* Task prompt *
Leave the pictures out, and repeat exactly every line from the one with "Antique Victorian Mahogany" through the end of the data below.

-------- Material for this task --------

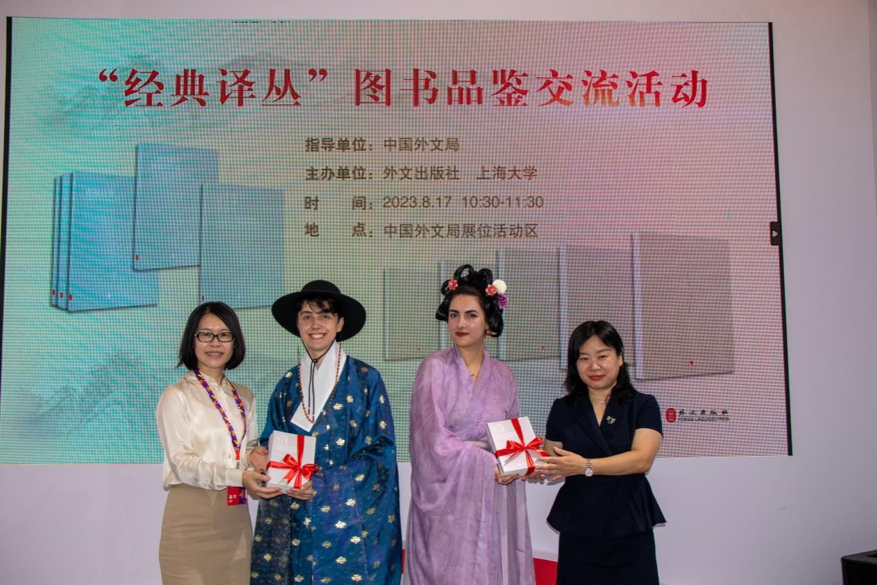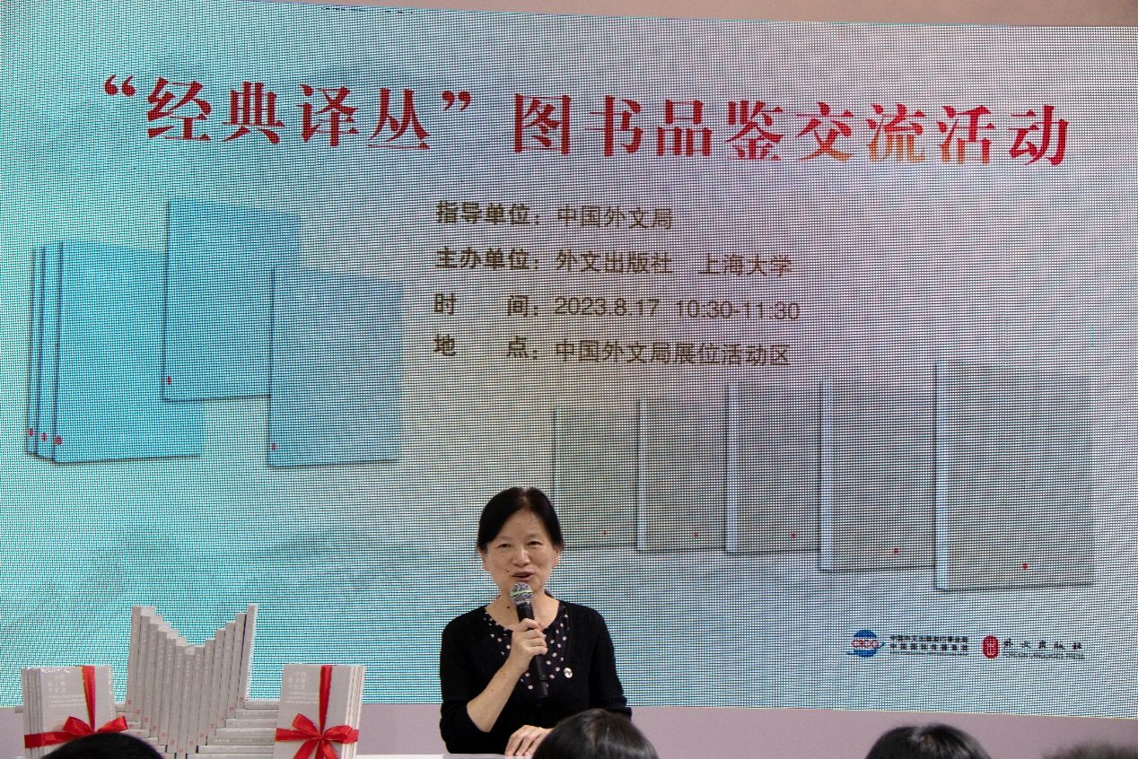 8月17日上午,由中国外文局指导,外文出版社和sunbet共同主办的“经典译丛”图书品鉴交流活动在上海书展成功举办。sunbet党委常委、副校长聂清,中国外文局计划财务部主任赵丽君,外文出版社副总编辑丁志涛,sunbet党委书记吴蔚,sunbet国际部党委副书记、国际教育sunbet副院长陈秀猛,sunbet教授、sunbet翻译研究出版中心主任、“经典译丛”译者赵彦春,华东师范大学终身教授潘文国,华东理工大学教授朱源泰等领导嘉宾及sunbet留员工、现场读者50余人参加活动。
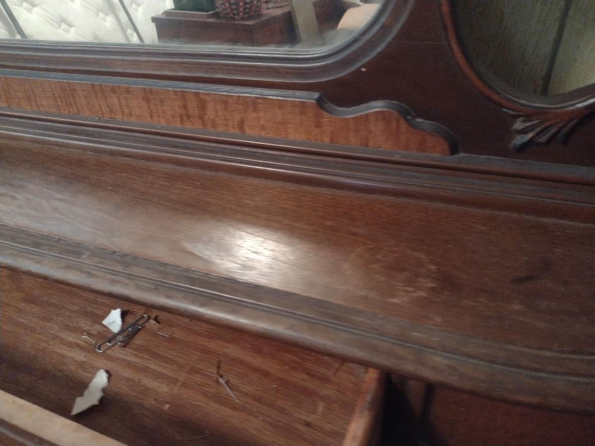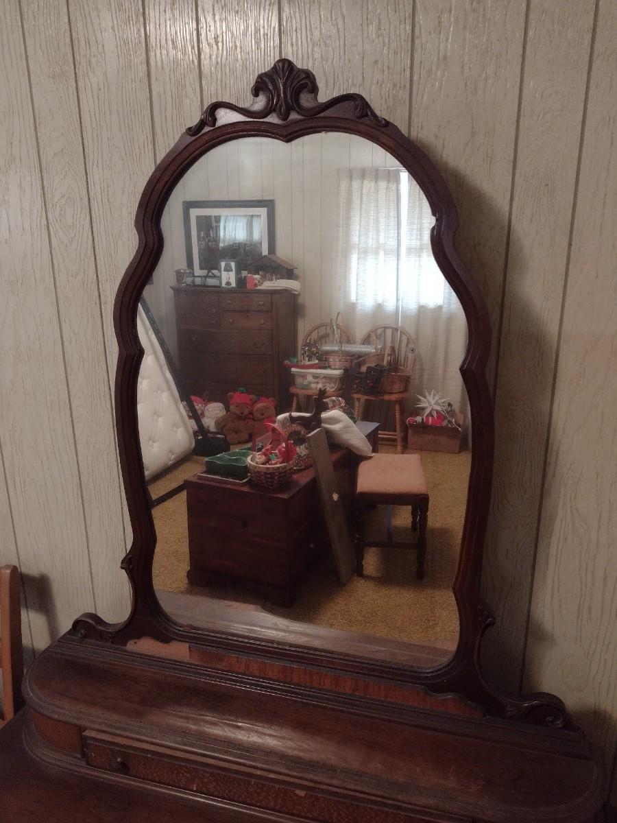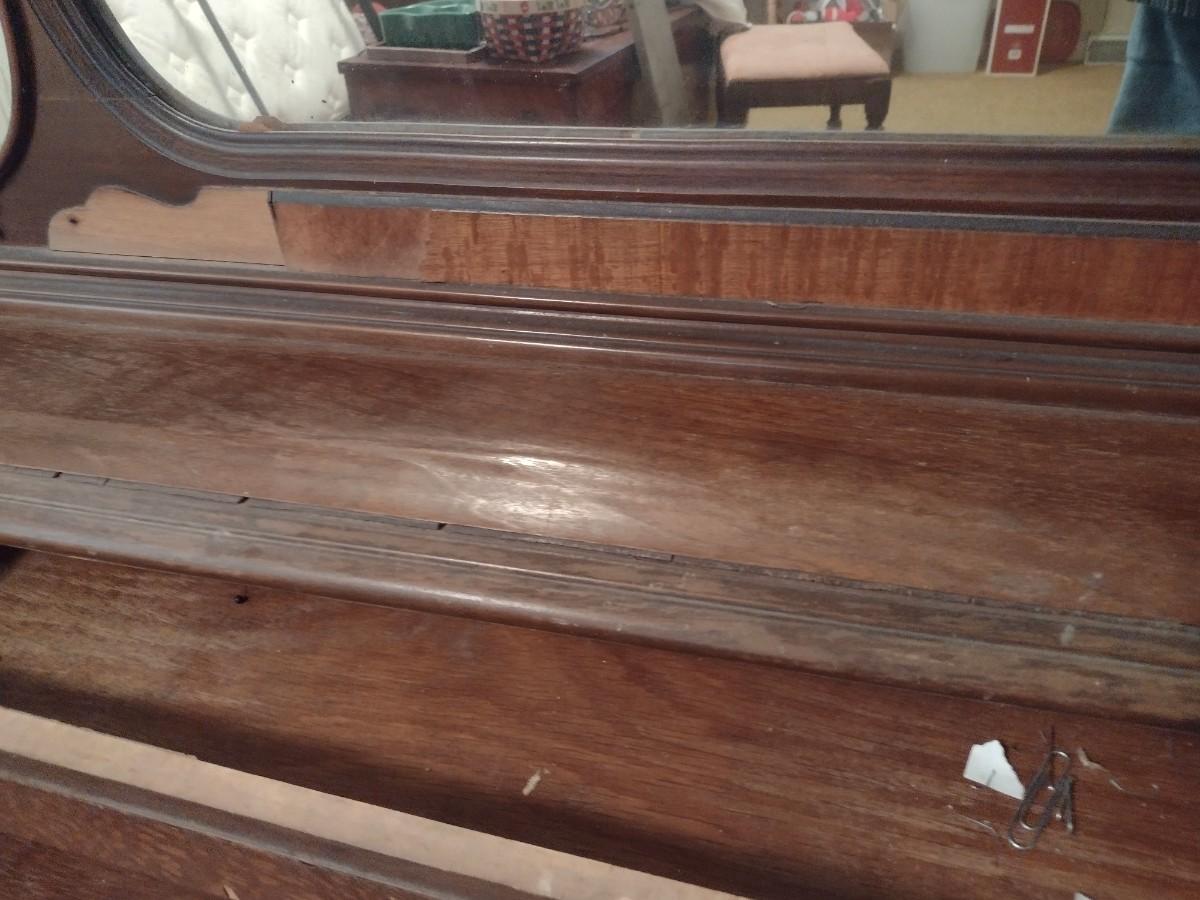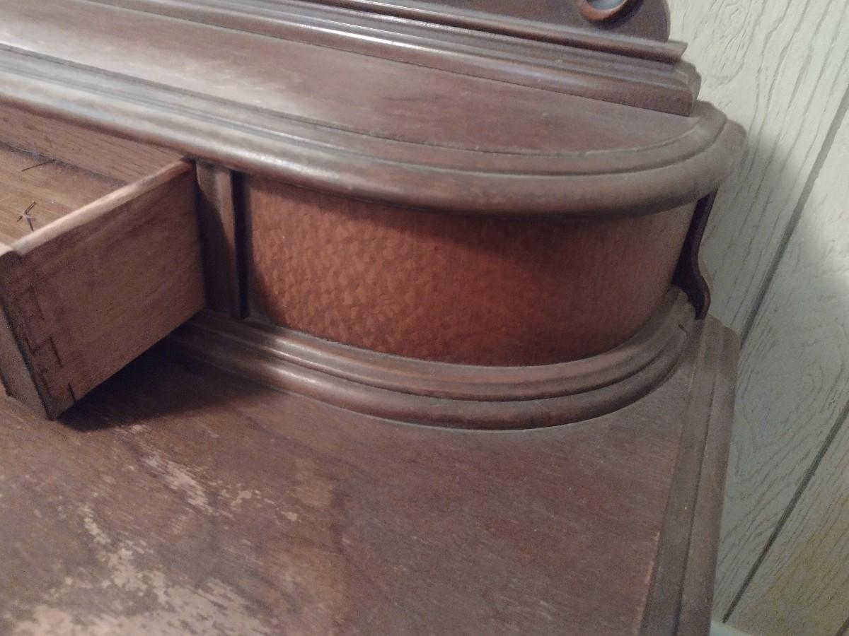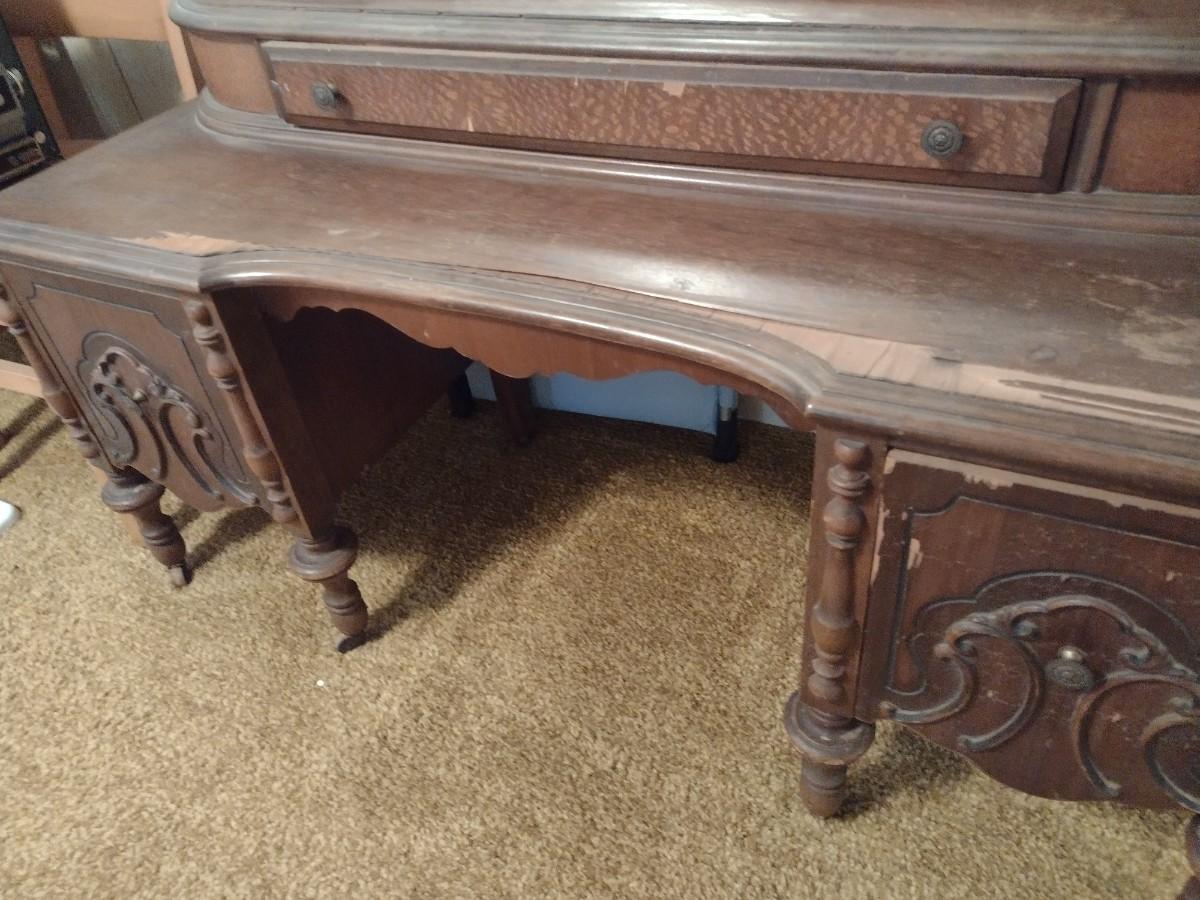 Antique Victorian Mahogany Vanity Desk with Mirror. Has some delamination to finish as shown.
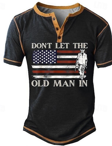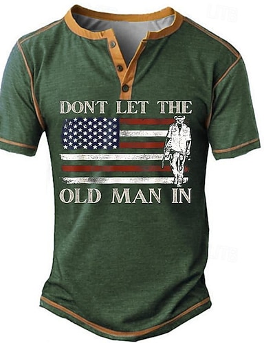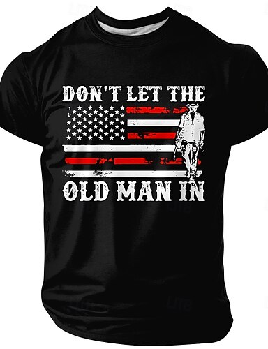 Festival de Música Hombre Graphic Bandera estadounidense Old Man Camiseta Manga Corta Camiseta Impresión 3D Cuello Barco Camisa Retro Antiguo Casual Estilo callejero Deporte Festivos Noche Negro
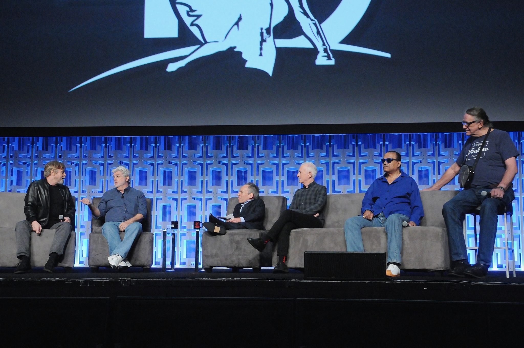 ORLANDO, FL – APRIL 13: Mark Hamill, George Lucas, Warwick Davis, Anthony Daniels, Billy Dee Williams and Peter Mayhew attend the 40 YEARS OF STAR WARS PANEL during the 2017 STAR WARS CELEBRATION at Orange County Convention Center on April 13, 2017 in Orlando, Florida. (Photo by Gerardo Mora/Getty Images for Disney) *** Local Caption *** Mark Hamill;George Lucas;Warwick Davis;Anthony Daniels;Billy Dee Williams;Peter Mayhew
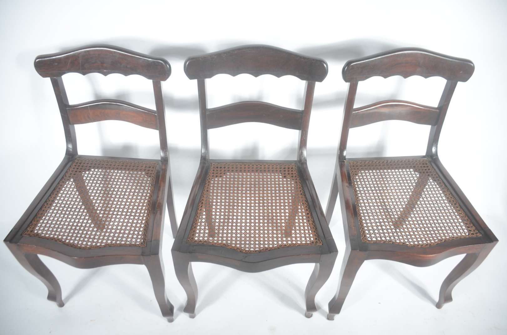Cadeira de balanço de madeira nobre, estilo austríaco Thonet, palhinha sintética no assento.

--------

* Your response *
 Antique Victorian Mahogany Vanity Desk with Mirror. Has some delamination to finish as shown.
 Festival de Música Hombre Graphic Bandera estadounidense Old Man Camiseta Manga Corta Camiseta Impresión 3D Cuello Barco Camisa Retro Antiguo Casual Estilo callejero Deporte Festivos Noche Negro
 ORLANDO, FL – APRIL 13: Mark Hamill, George Lucas, Warwick Davis, Anthony Daniels, Billy Dee Williams and Peter Mayhew attend the 40 YEARS OF STAR WARS PANEL during the 2017 STAR WARS CELEBRATION at Orange County Convention Center on April 13, 2017 in Orlando, Florida. (Photo by Gerardo Mora/Getty Images for Disney) *** Local Caption *** Mark Hamill;George Lucas;Warwick Davis;Anthony Daniels;Billy Dee Williams;Peter Mayhew
Cadeira de balanço de madeira nobre, estilo austríaco Thonet, palhinha sintética no assento.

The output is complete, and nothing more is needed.